Competing in his fourth Olympics, Lang tallied four assists in eight games as team captain in the 2006 Winter Olympics in Turin as the Czechs returned to the Olympic medal podium, capturing bronze against Russia.
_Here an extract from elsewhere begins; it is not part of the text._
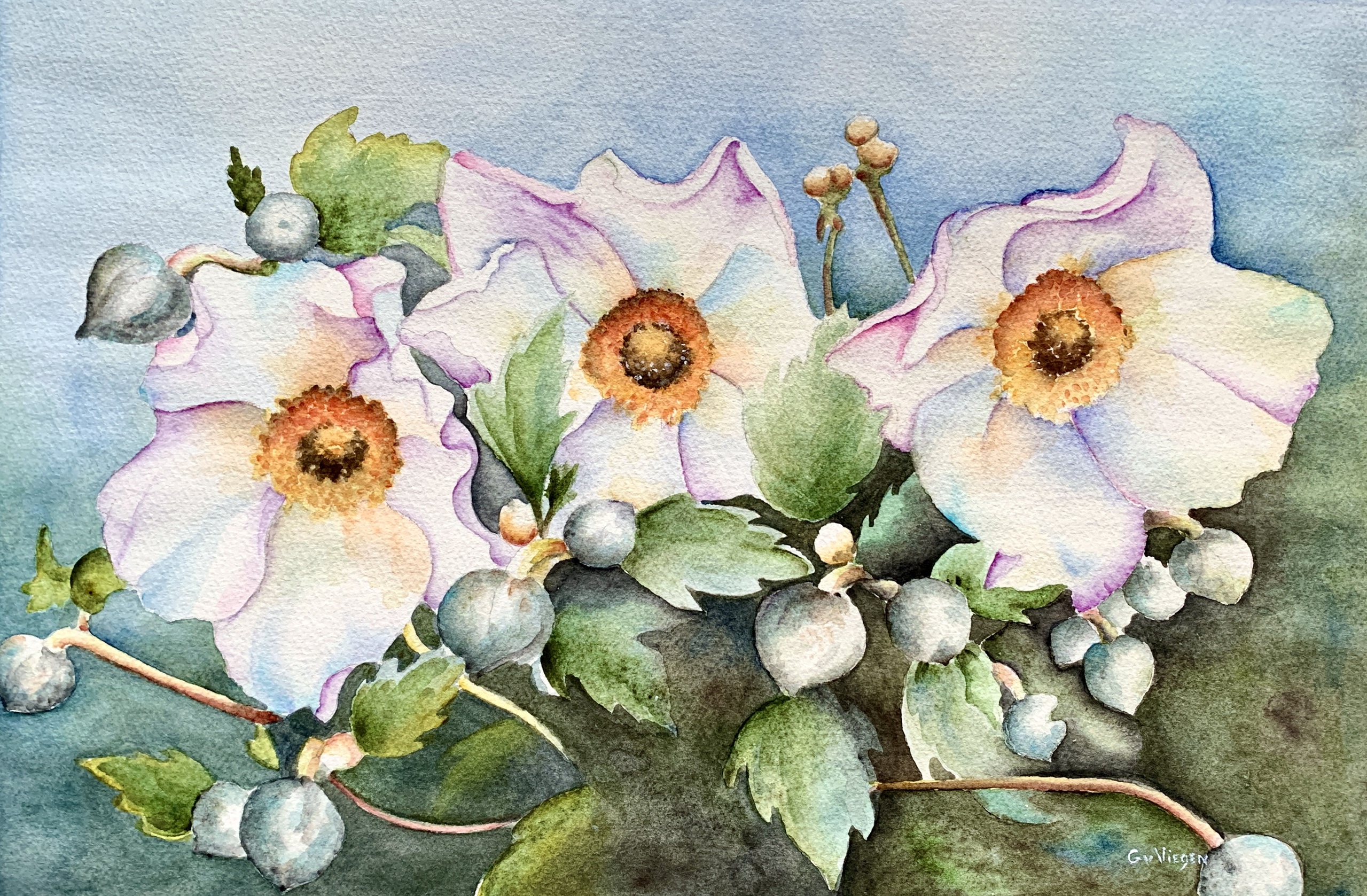 Wit Groen Bloemen Aquarel Realistisch Flowers Watercolor Anemoon Bloemenaquarel Nattur Japanseanemoon

It would prove to be his last Olympics, as, at the age of 39, he would not be invited back for a fifth turn during the 2010 Winter Olympics, despite still playing in the NHL. The Czechs finished fifth, failing to reach the medal podium.

==Personal life==
Former Detroit Red Wings teammate (and fellow Czech) Jiří Hudler spent time living in Lang's home as Lang took him under his wing during his time in Detroit. Lang refers to Hudler as his "third son."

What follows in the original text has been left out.